■ To do:
Restate the lines of the material below word for word, from the first through the one containing "A signature Burberry", and include nothing else; pictures stay out.
*** Given data Section Begins ***
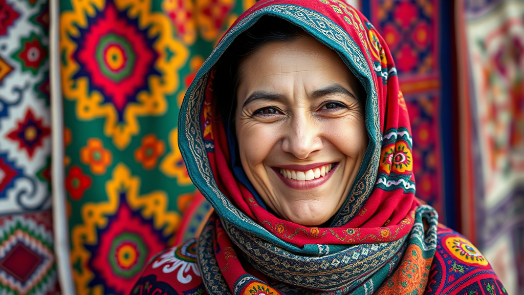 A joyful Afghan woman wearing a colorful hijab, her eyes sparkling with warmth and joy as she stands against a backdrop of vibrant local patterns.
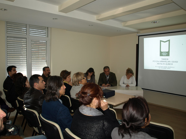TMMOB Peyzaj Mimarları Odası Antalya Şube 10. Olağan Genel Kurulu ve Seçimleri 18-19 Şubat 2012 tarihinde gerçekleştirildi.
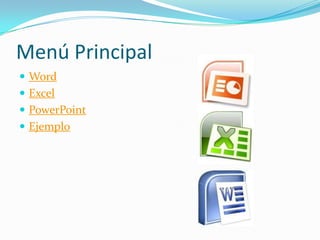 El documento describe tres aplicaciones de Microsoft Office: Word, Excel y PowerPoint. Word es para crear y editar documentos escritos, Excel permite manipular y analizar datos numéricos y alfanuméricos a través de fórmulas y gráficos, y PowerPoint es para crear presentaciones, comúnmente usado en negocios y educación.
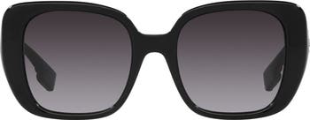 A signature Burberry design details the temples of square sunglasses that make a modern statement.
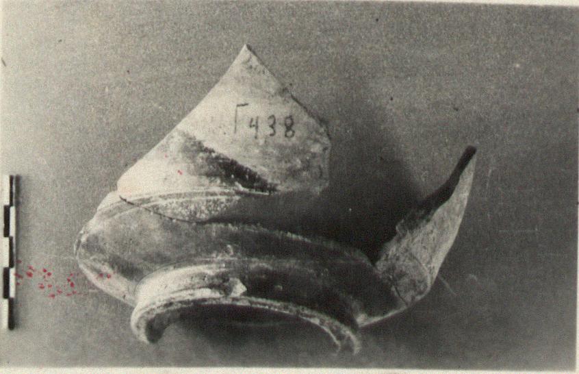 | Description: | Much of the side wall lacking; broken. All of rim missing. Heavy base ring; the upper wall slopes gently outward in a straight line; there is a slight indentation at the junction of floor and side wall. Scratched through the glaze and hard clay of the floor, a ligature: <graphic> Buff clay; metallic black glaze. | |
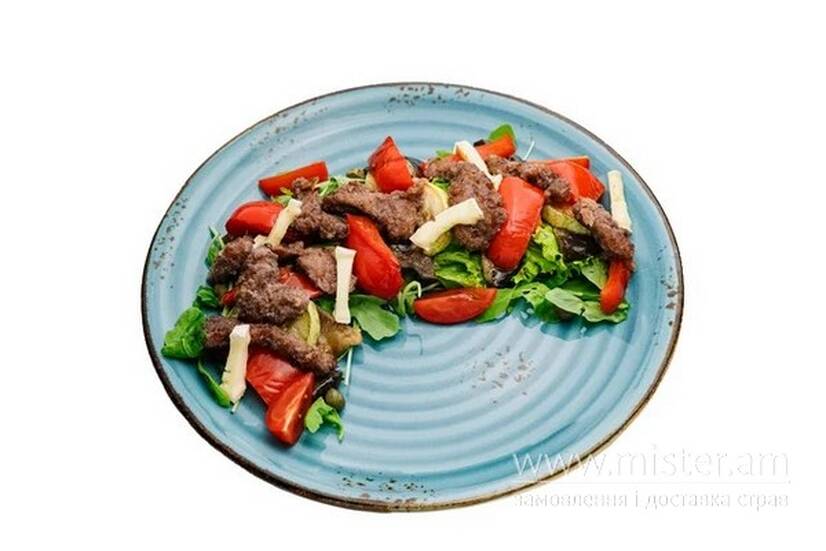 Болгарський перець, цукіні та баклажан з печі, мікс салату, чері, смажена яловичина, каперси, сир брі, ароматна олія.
*** Given data Section Ends ***
■ Task solution:
 A joyful Afghan woman wearing a colorful hijab, her eyes sparkling with warmth and joy as she stands against a backdrop of vibrant local patterns.
TMMOB Peyzaj Mimarları Odası Antalya Şube 10. Olağan Genel Kurulu ve Seçimleri 18-19 Şubat 2012 tarihinde gerçekleştirildi.
 El documento describe tres aplicaciones de Microsoft Office: Word, Excel y PowerPoint. Word es para crear y editar documentos escritos, Excel permite manipular y analizar datos numéricos y alfanuméricos a través de fórmulas y gráficos, y PowerPoint es para crear presentaciones, comúnmente usado en negocios y educación.
 A signature Burberry design details the temples of square sunglasses that make a modern statement.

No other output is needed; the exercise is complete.